[Opening Provided data section]
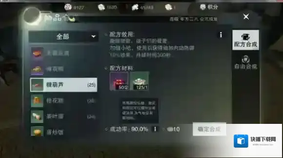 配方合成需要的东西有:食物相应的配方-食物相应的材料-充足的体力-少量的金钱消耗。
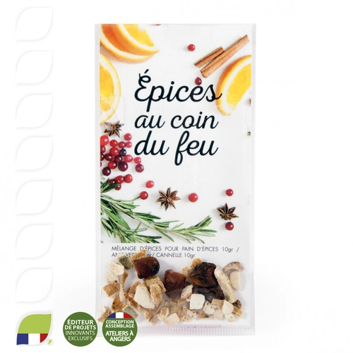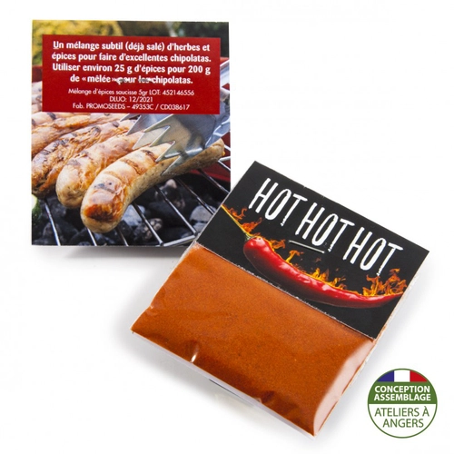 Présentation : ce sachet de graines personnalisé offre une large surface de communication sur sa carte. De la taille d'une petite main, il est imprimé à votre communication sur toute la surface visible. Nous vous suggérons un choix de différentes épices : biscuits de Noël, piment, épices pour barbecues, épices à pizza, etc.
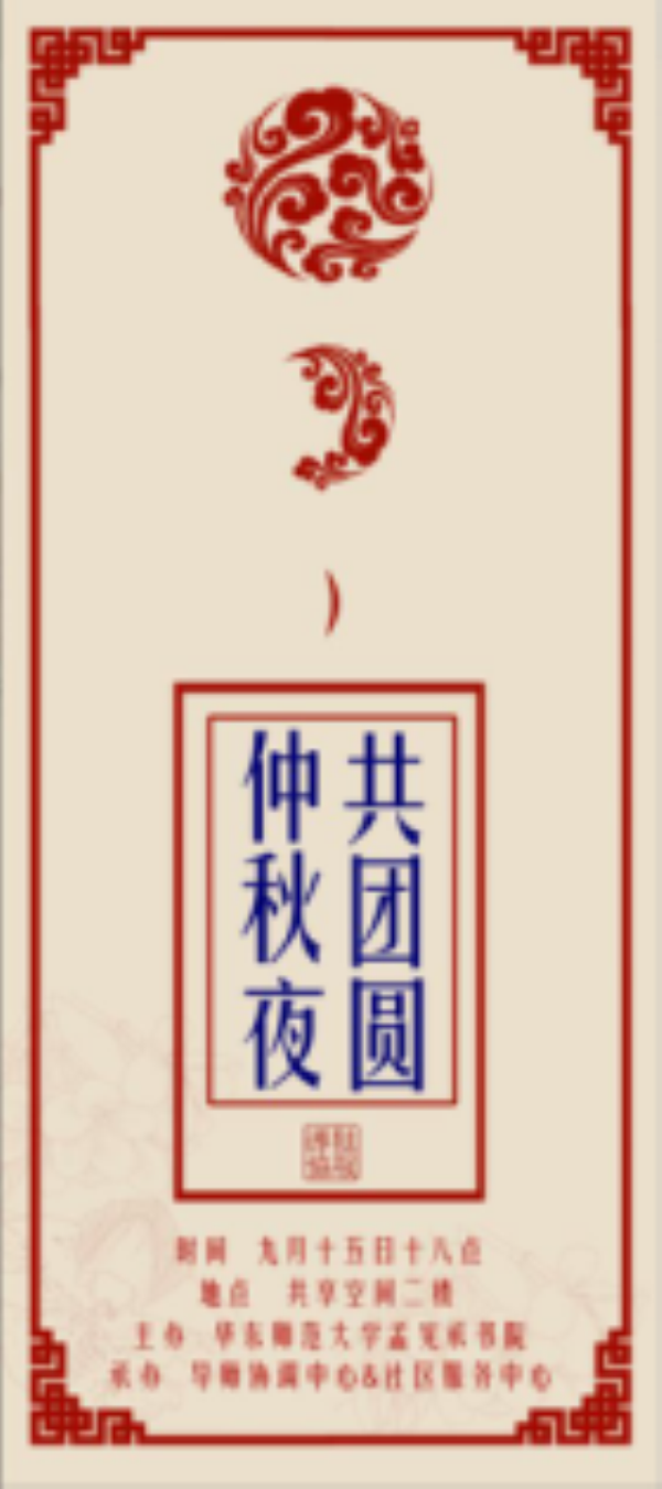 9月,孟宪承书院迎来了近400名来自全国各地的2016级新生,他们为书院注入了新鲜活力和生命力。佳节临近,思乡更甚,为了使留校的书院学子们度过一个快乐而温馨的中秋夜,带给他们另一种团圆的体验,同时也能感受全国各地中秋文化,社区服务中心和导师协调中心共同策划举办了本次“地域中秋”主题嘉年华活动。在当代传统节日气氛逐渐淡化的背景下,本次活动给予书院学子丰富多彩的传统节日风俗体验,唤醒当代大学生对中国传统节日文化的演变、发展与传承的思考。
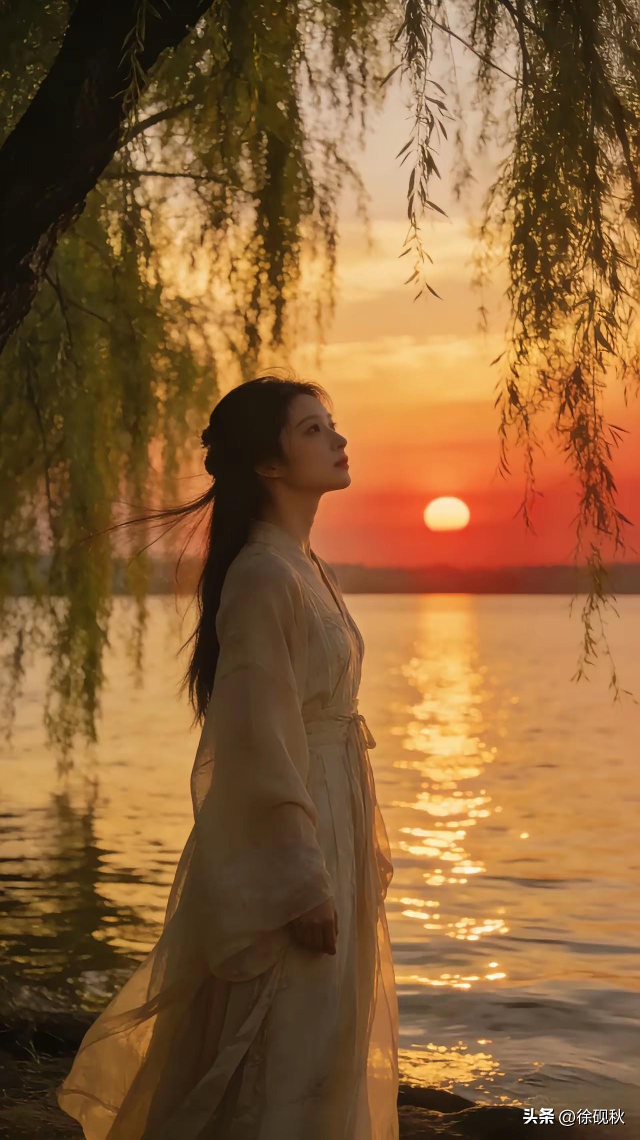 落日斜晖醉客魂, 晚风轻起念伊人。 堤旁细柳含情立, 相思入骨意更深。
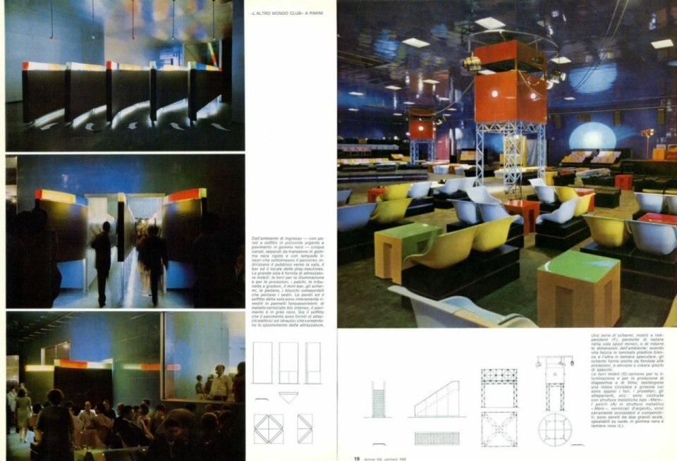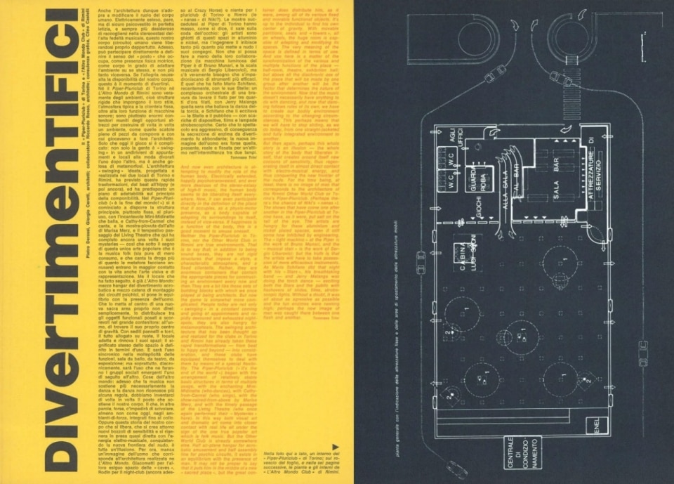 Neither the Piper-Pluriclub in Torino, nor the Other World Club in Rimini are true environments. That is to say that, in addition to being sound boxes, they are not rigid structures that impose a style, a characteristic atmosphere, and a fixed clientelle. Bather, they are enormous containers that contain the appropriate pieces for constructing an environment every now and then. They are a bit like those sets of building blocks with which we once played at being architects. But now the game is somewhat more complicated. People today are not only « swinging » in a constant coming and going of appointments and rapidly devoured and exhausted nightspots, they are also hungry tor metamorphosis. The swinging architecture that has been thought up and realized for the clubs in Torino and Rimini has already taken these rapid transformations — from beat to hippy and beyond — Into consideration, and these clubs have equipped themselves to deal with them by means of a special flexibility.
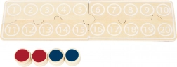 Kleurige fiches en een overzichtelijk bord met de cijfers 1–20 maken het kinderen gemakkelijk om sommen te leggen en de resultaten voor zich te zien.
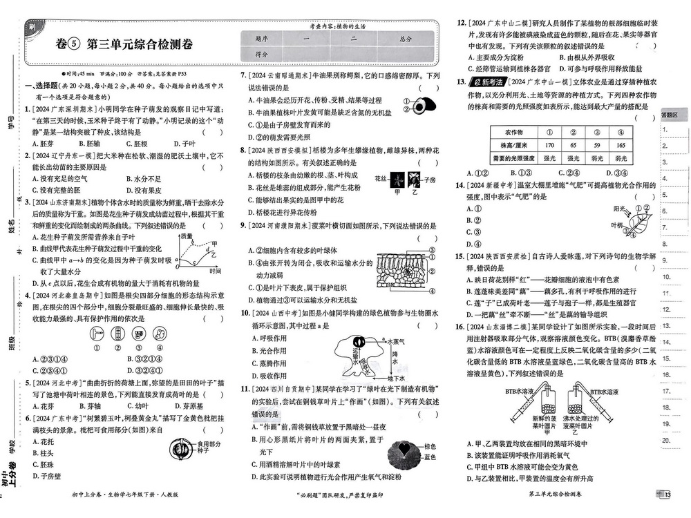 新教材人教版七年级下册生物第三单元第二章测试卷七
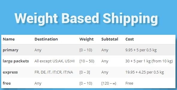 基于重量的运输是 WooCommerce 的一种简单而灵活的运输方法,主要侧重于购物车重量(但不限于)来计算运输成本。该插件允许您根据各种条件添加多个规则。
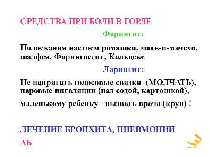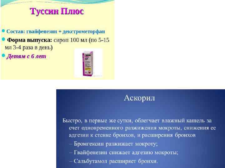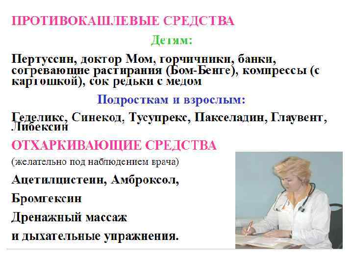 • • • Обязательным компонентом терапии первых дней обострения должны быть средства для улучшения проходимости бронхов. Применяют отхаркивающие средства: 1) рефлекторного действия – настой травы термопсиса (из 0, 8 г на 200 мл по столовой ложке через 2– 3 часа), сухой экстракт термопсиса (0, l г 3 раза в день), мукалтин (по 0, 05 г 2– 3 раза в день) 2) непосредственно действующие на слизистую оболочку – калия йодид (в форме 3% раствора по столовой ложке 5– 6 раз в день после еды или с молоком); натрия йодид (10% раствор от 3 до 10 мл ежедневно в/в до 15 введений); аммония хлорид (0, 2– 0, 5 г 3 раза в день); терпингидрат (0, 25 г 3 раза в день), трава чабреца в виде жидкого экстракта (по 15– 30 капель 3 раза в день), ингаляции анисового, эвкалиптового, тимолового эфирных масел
[Closing Provided data section]
### Problem requirements
Please transcribe exactly the line containing "Kleurige fiches en" and every later line through the end of the records above, omitting pictures.

### Written solution
 Kleurige fiches en een overzichtelijk bord met de cijfers 1–20 maken het kinderen gemakkelijk om sommen te leggen en de resultaten voor zich te zien.
 新教材人教版七年级下册生物第三单元第二章测试卷七
 基于重量的运输是 WooCommerce 的一种简单而灵活的运输方法,主要侧重于购物车重量(但不限于)来计算运输成本。该插件允许您根据各种条件添加多个规则。
 • • • Обязательным компонентом терапии первых дней обострения должны быть средства для улучшения проходимости бронхов. Применяют отхаркивающие средства: 1) рефлекторного действия – настой травы термопсиса (из 0, 8 г на 200 мл по столовой ложке через 2– 3 часа), сухой экстракт термопсиса (0, l г 3 раза в день), мукалтин (по 0, 05 г 2– 3 раза в день) 2) непосредственно действующие на слизистую оболочку – калия йодид (в форме 3% раствора по столовой ложке 5– 6 раз в день после еды или с молоком); натрия йодид (10% раствор от 3 до 10 мл ежедневно в/в до 15 введений); аммония хлорид (0, 2– 0, 5 г 3 раза в день); терпингидрат (0, 25 г 3 раза в день), трава чабреца в виде жидкого экстракта (по 15– 30 капель 3 раза в день), ингаляции анисового, эвкалиптового, тимолового эфирных масел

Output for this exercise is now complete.